Once configured, users can launch SkyPilot tasks with private images without any additional setup.

Current limitations#

Slurm support in SkyPilot is under active development. The following features are not yet supported:

  • Autostop: Slurm clusters cannot be automatically terminated after idle time.

  • SkyServe: Serving deployments on Slurm is not yet supported.

FAQs#

  • How does SkyPilot interact with Slurm?

    Each SkyPilot “cluster” corresponds to a Slurm job. When you run sky launch, SkyPilot creates an sbatch script that requests the specified resources and runs a long-lived process with the SkyPilot runtime.

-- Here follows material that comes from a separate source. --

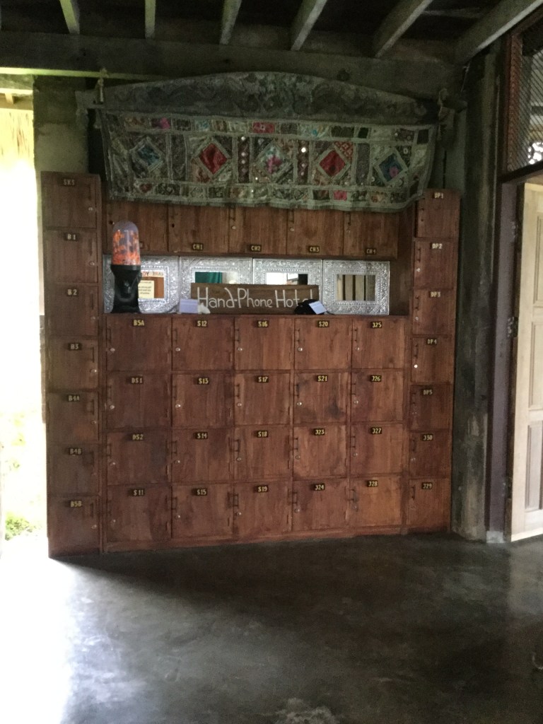 I inquired at the main office, and they had a deluxe single room available for the remainder of my stay (current rate: $75/night, plus food and activities day pass and fees). In the pauper’s room, I’d had a bed, nightstand and wooden chair. In the new room I had many times more space with a sitting area, a meditation mat, a comfy chair and footstool, a desk, a big shower and bathroom, my own water jug and a full-length mirror. In the larger room ginger tea was delivered every morning before the gong rang for yoga and meditation. No one could hear me pee aside from the one retreatant in the same duplex. Though I’d booked the room only an hour before, there was already a sign over the door with my name on it. It felt comparatively luxurious, though I must admit I missed having a fourth wall open to the jungle and the breezes it had afforded me.

    SkyPilot uses slurm CLI commands on the login node to interact with the cluster. It submits jobs using sbatch, views the status of jobs using squeue, and terminates jobs using scancel.

  • Which user are jobs submitted as?

    Jobs are submitted using your own Slurm username (the User specified in your ~/.slurm/config). This means your jobs appear under your username in squeue, count against your quotas, and respect your existing permissions.

  • Can I use multiple Slurm clusters?

    Yes. Add multiple host entries to your ~/.slurm/config file. Each host will appear as a separate region in SkyPilot’s optimizer.

  • What partition does SkyPilot use?

    By default, SkyPilot uses the default partition configured in your Slurm cluster. To specify a partition, use the --infra flag:

    $ sky launch --infra slurm/mycluster/mypartition task.yaml
    
  • Can SkyPilot provision a Slurm cluster for me?

    No. SkyPilot runs tasks on existing Slurm clusters. It does not provision new Slurm clusters or add nodes to existing clusters.